Os franceses, no século XIX, se valeram da palavra inglesa spleen para nomear a melancolia, o sentimento depressivo. O cronista Rubem Braga era um mestre na expressão desse sentimento, ao qual, nesta crônica, opôs o da vivacidade, ou, para usar
outra expressão inglesa, o de struggle for life:
“Daquela pequena conversa triste no bar, em que dissemos as coisas mais desesperadamente banais, saímos, os dois, com uma espécie de amor raivoso à vida, ciúme e pressa da vida.
Volto para casa. Estou cansado e tenho motivo já não digo para estar triste, mas, vamos dizer, aborrecido. Mas me distraio olhando o passarinho que trouxe da roça. Não é bonito e canta pouco, esse bicudo que ainda não fez a segunda muda. Mas o que é fascinante, nele, o que me prende a ele, é sua vida, sua vitalidade inquieta, ágil, infatigável, seu apetite, seu susto, a reação instantânea com que abre o bico, zangado, quando o ameaço com a mão. Ele está tomando banho e se sacode todo, salta, muda de poleiro, agita as penas – e me vigia de lado, com um olhinho escuro e vivo.

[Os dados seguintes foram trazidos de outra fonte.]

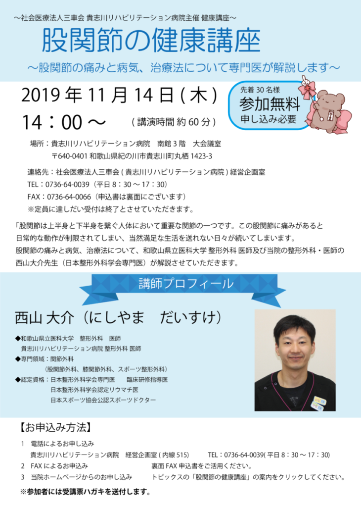 11月14日 西山 大介医師による【股関節の健康講座】を行います
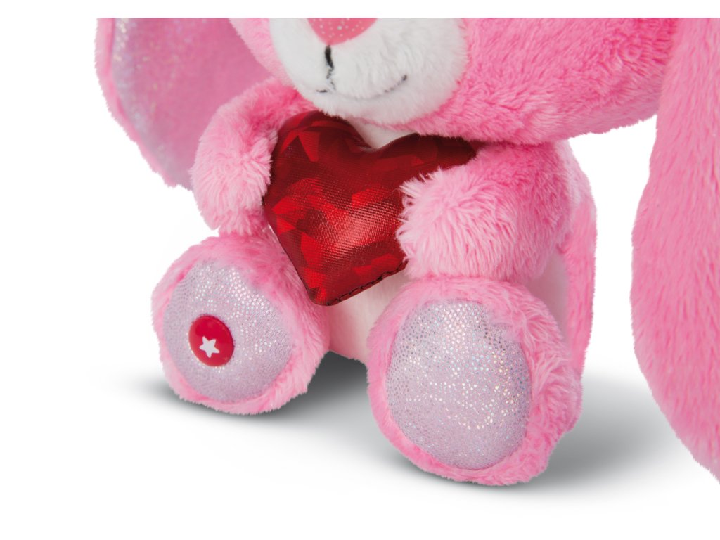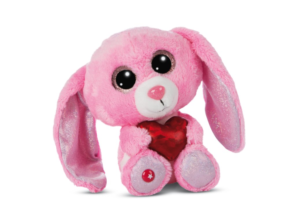 Růžový plyšový králíček Hearty Kay vás okouzlí svým sladkým kožíškem. Má třpytivé oči, nožky a vnitřky oušek a v náručí drží srdíčko, takže má doslova srdce na dlani. Králíček patří do nové kolekce NICI Green, která téměř výhradně používá plyš a výplně vyrobené z recyklovaných materiálů, jako jsou použíté PET lahve. Výška: 15cm Věk: 0+

Mudo-lhe a água do bebedouro, jogo-lhe pedrinhas de calcita que ele gosta de trincar. E me sinto bem com essa presença viva que não me compreende, mas que sente em mim um outro bicho, amigo ou inimigo, uma outra vida. Ele não sabe da morte, não a espera nem a teme – e a desmente em cada vibração de seu pequeno ser ávido e inquieto. Meu bicudo é um grande companheiro e irmão, e, na verdade, muito me ajuda.”
(Adaptado de: BRAGA, Rubem. Recado de primavera. Rio de Janeiro:
Record, 1984, p. 156)
As normas de concordância verbal estão plenamente observadas na frase:
a) Diante das reações do bicudo reanimavam-se, nas palavras do cronista, sua disposição para o que vale a pena viver.
b) Depreende-se que das palavras difíceis que trocou o casal restaram alguns duros e talvez permanentes rancores.
c) O que mais prendia o autor ao seu passarinho era as demonstrações vitais que se expressava em cada atitude do bicudo.
d) O fato de não ser bonito e bom cantor pouco ou nada significavam para o cronista, preso à viva companhia do passarinho.
e) Às tumultuadas e nervosas conversas de bar costumam seguir a sensação de que muito do que foi dito pautou-se por injustas acusações.